Below is a listing to write out in full, exactly as given, without its pictures.

Recorded data:
>>>

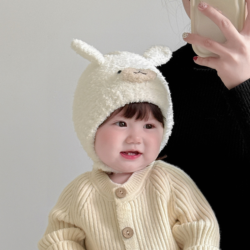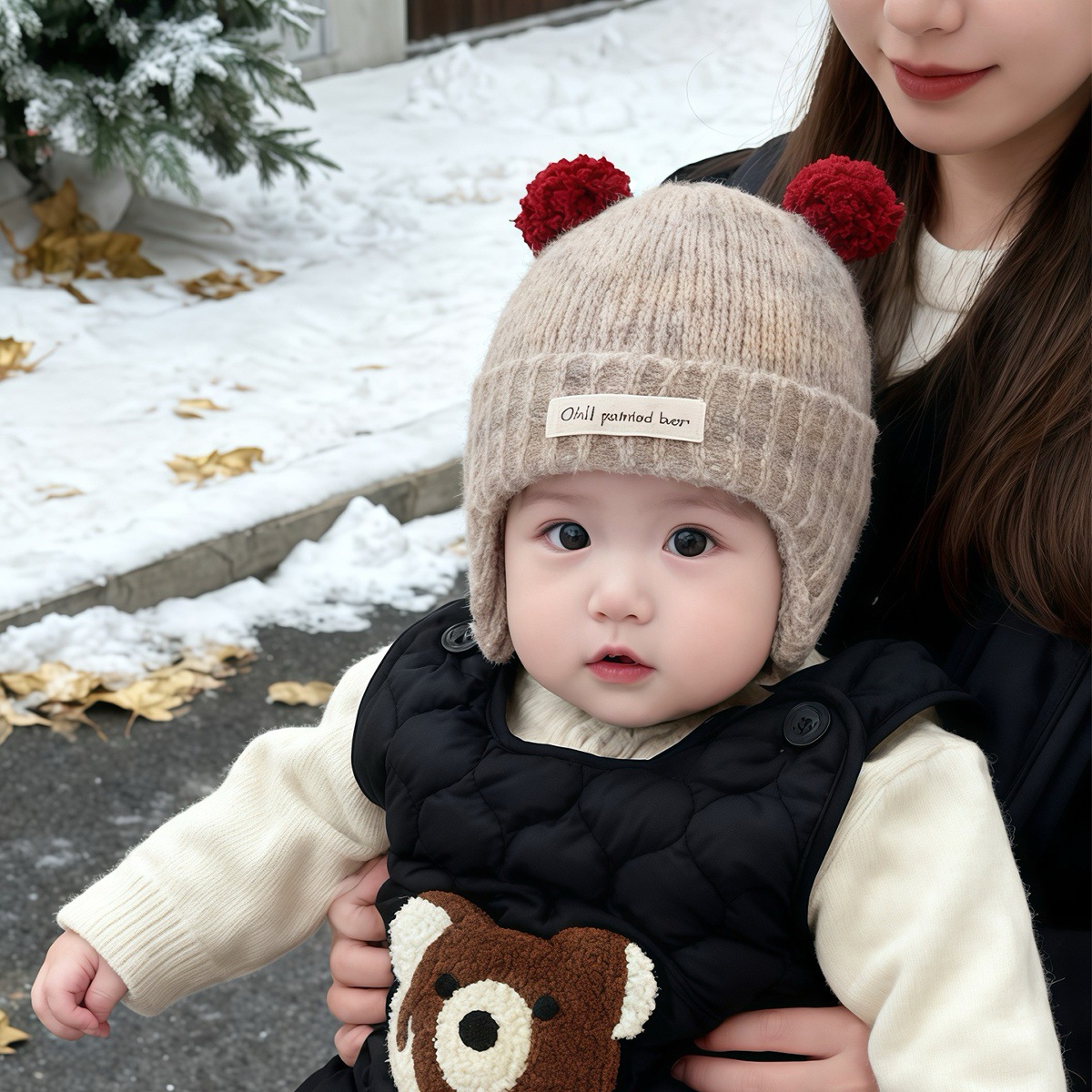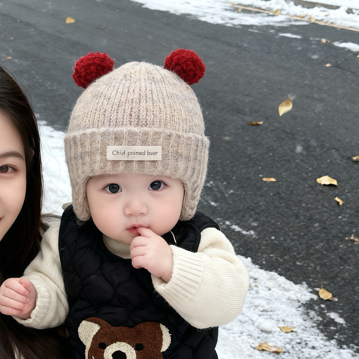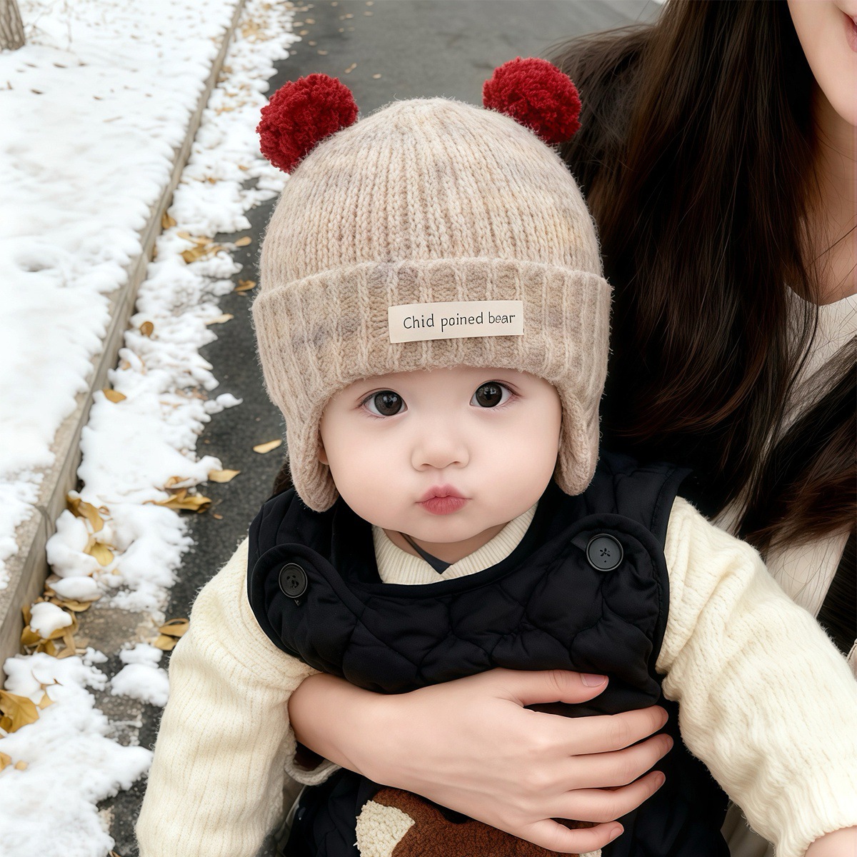 婴儿帽子秋冬毛绒帽可爱韩版针织护耳帽男女宝宝加厚保暖防风帽冬
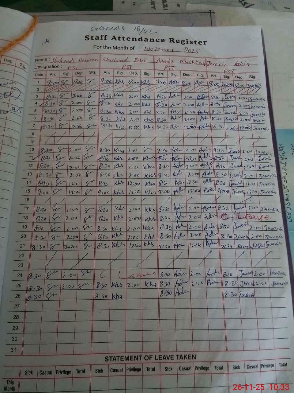 | Leave | Duty | Absent | Maternity | Medical | Ex- Pak |
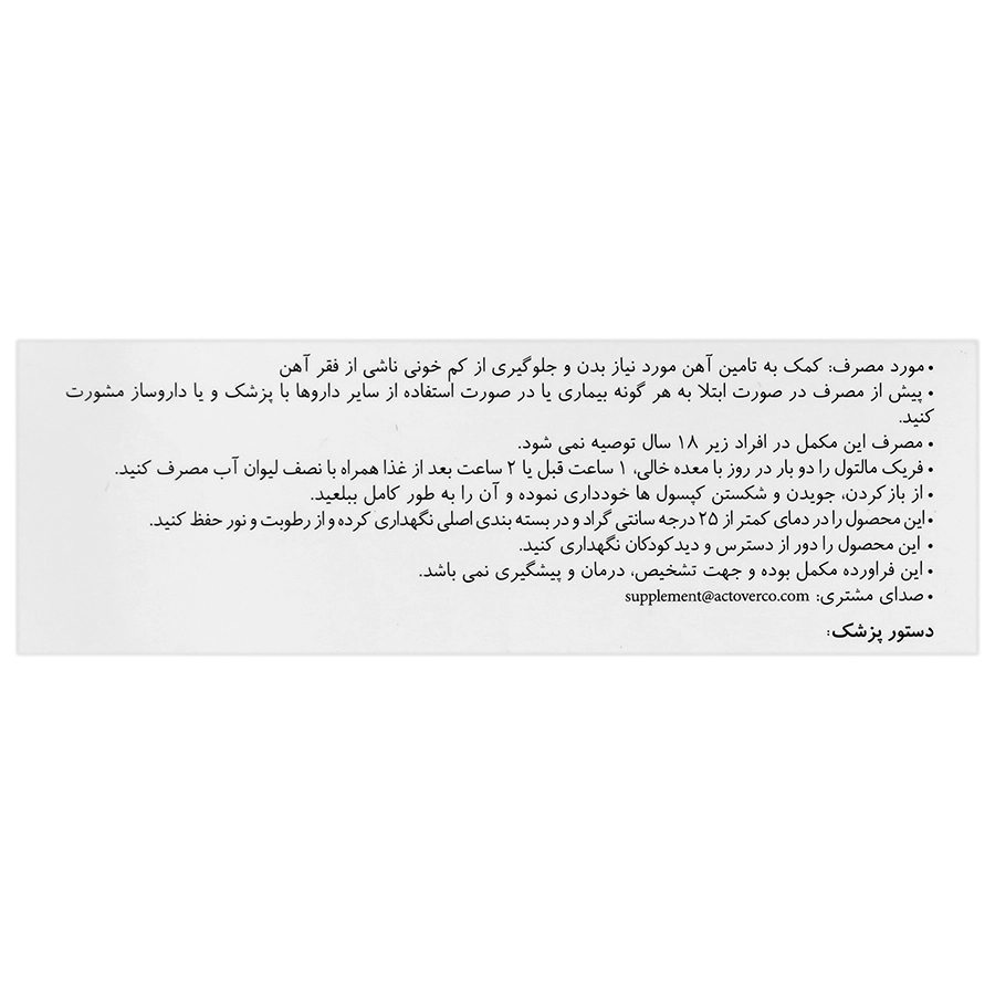 نحوه مصرف کپسول آهن اکتوویت فریک مالتول اکتوورکو:

<<<

Response:
 婴儿帽子秋冬毛绒帽可爱韩版针织护耳帽男女宝宝加厚保暖防风帽冬
 | Leave | Duty | Absent | Maternity | Medical | Ex- Pak |
 نحوه مصرف کپسول آهن اکتوویت فریک مالتول اکتوورکو:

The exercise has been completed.